BRIEF –
Locate the line containing "Fig. 4. The" in the material below. Copy that line and all following lines through the end exactly, omitting any pictures.

INPUT DATA –
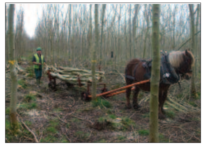
Figure 12: Horse and forwarding trailer.
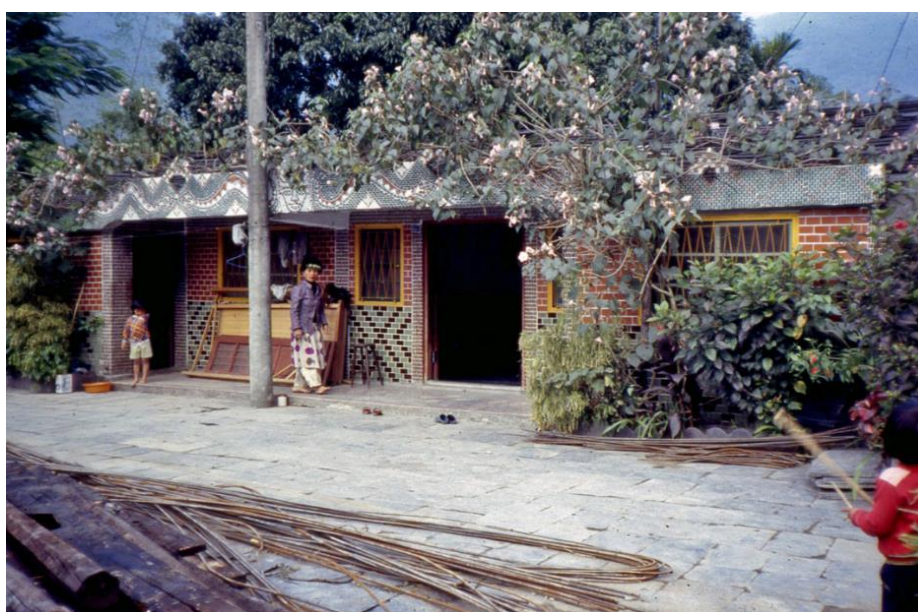
Fig. 4. The chiefly Kaoma?an house is decorated with traditional pattern using mosaic
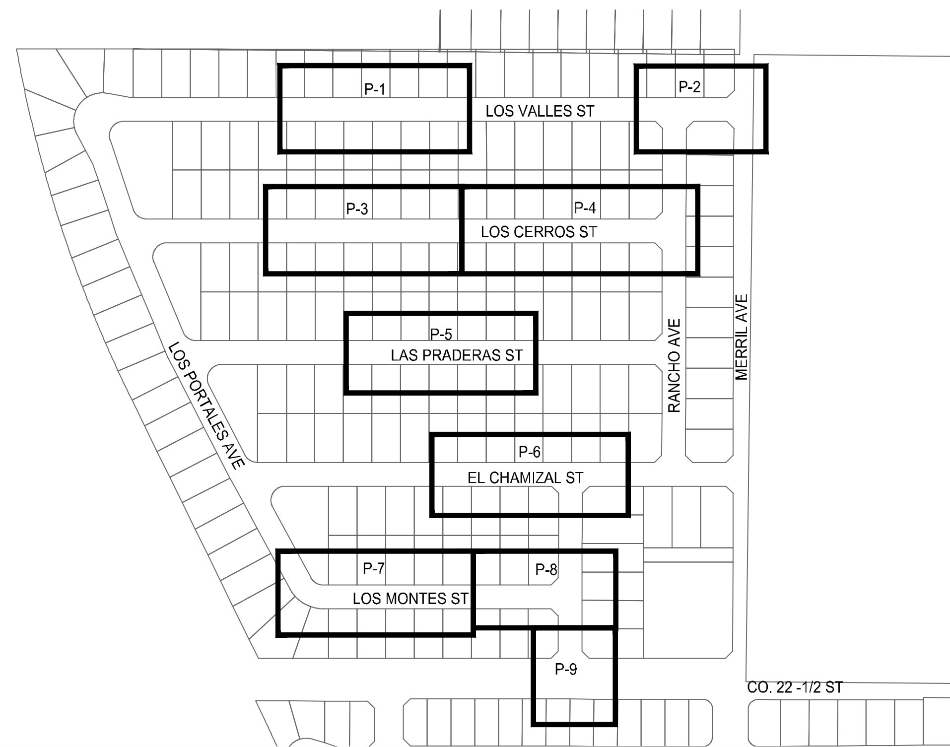
KEY MAP NTS
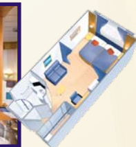
Oceanview Stateroom (160 sq.ft.)
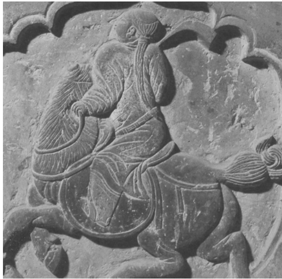
Figure 5. Tile carving from Dong Hai Tomb,Houma,Shanxi
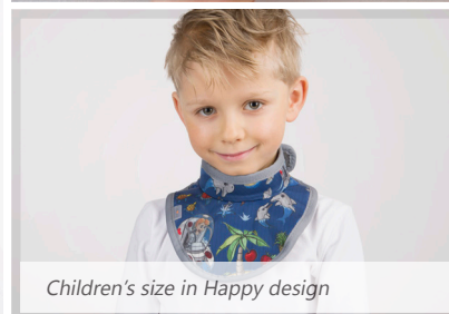
Children's size in Happy design

ANSWER SPACE –
Fig. 4. The chiefly Kaoma?an house is decorated with traditional pattern using mosaic
KEY MAP NTS
Oceanview Stateroom (160 sq.ft.)
Figure 5. Tile carving from Dong Hai Tomb,Houma,Shanxi
Children's size in Happy design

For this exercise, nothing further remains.